Problem details:
The listing below must be returned in full and unchanged, without the images it carries.
─── Data shown
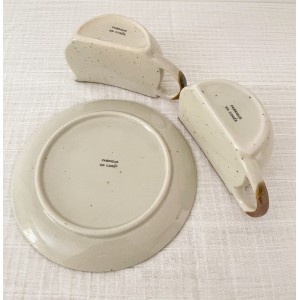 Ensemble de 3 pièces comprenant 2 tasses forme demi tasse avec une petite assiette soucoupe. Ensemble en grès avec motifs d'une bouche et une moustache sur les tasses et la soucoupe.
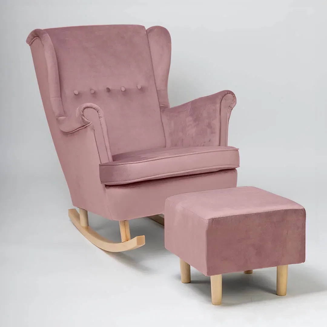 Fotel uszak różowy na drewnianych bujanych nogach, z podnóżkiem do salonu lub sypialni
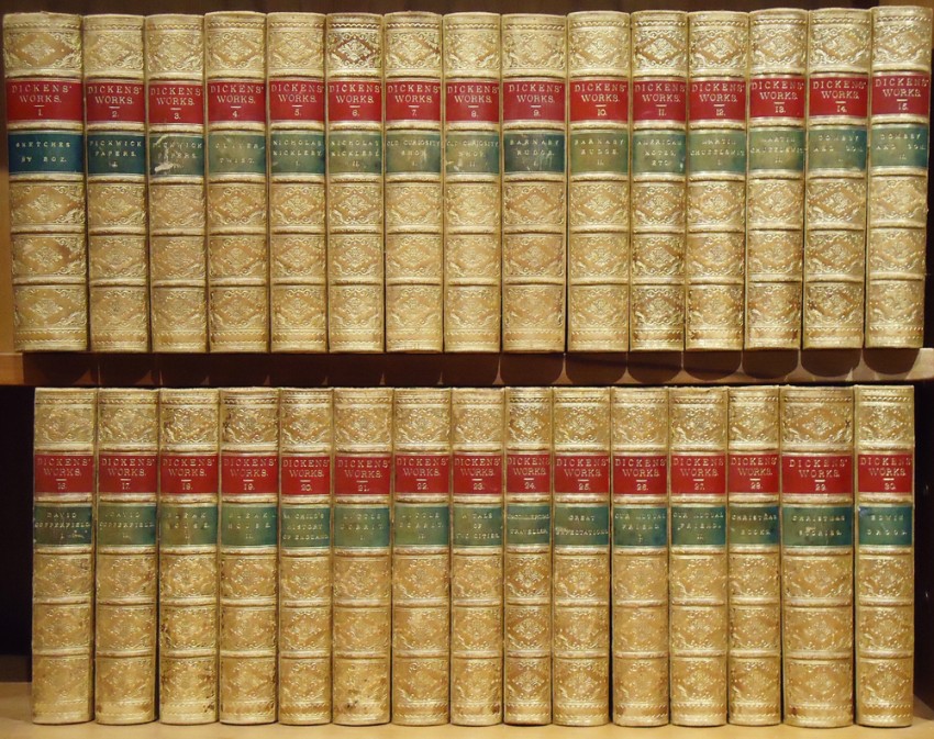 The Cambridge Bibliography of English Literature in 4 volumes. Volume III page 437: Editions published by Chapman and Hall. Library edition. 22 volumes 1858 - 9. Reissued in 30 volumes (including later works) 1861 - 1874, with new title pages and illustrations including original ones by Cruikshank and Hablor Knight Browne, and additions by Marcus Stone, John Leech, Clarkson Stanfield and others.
──────
Result for this exercise:
 Ensemble de 3 pièces comprenant 2 tasses forme demi tasse avec une petite assiette soucoupe. Ensemble en grès avec motifs d'une bouche et une moustache sur les tasses et la soucoupe.
 Fotel uszak różowy na drewnianych bujanych nogach, z podnóżkiem do salonu lub sypialni
 The Cambridge Bibliography of English Literature in 4 volumes. Volume III page 437: Editions published by Chapman and Hall. Library edition. 22 volumes 1858 - 9. Reissued in 30 volumes (including later works) 1861 - 1874, with new title pages and illustrations including original ones by Cruikshank and Hablor Knight Browne, and additions by Marcus Stone, John Leech, Clarkson Stanfield and others.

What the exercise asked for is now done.